Home DaerahKota SamarindaTes Psikologi di SMP Dinilai Akal-Akalan, Kadisdik: Jangan Bebani Orang Tua

Tes Psikologi di SMP Dinilai Akal-Akalan, Kadisdik: Jangan Bebani Orang Tua

by Redaksi
0 comments

Samarinda, VivaNusantara – Memasuki Masa Pengenalan Lingkungan Sekolah (MPLS) di Kota Samarinda, menandakan tahun ajaran baru telah dimulai. Namun sejumlah keluhan mengenai biaya kelengkapan sekolah, baru saja jadi temuan di SMP Negeri 8 Samarinda Seberang.

Meski kebutuhan penunjang sekolah menjadi kewajiban setiap orang tua murid, namun biaya-biaya yang dianggap tidak masuk akal justru menjadi beban baru bagi masyarakat. Salah satunya tes psikologi yang dinilai hanya akal-akalan dari pihak koperasi, lantaran Pemkot Samarinda telah menanggung biaya untuk buku paket.

Kepala Dinas Pendidikan dan Kebudayaan (Disdikbud) Kota Samarinda, Asli Nuryadin pun menilai keberadaan tes psikologi bagi siswa baru SMP menambah beban orang tua di awal tahun ajaran baru. Pernyataan itu merespons keluhan orang tua siswa di SMP Negeri 8 Samarinda Seberang, yang diminta membayar total Rp1,3 juta, termasuk biaya tes psikologi sebesar Rp150 ribu.

Biaya ini masuk dalam paket pembiayaan melalui koperasi sekolah, bersama seragam dan atribut lainnya. Asli menjelaskan, tes psikologi seharusnya hanya dilakukan untuk jenjang pendidikan tinggi atau dalam kasus khusus, seperti siswa berkebutuhan khusus. Di tingkat SMP, ia menilai belum ada urgensi untuk peminatan atau pemetaan mental yang mendalam.
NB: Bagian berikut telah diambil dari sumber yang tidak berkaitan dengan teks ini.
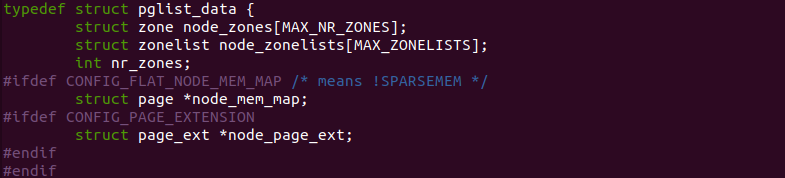 内核支持平坦内存模式和 SPARSE 内存模型,平坦内存模型会将物理内存当做一个整体,并将整体按顺序划分成一块块的物理页,每个物理页都有各自的物理页帧号; SPARSE 内存模型则将物理内存划分成一块一块的 memory section,在每个 memory section 内部再按顺序划分成一块块物理页,每个物理页也有属于自己的物理页帧号。两种模型都有各自的特点,从物理页的角度来看,来自似乎是一致的。但 SPARSE 内存模型多用于 NUMA 架构下,内核使用 struct pglist_data 结构体来描述一个 NUMA NODE,其定义如下:

“Kalau mau serius, sekalian saja tes narkoba. Tapi biayanya mahal, kita belum mampu. Jadi jangan ciptakan beban baru yang tidak ada esensinya,” sindirnya, Kamis (17/7/2025).

Lebih lanjut, ia meminta sekolah tidak menjadikan koperasi sebagai sumber wajib pembelian perlengkapan. Menurutnya, orang tua siswa harus diberi kebebasan untuk membeli di luar jika lebih murah atau lebih fleksibel.

“Jangan dipaksa beli di koperasi. Kalau murid masih pakai seragam SD karena belum punya seragam baru, ya biarkan saja. Tidak boleh ditolak, tidak boleh diberi sanksi,” ujar Asli.

Ia juga mengingatkan bahwa seluruh buku penunjang seperti Lembar Kerja Peserta Didik (LKPD) kini sudah ditanggung lewat APBD Kota Samarinda, sehingga tidak ada alasan lagi untuk memberatkan orang tua siswa dengan pungutan yang tidak jelas dasar dan manfaatnya.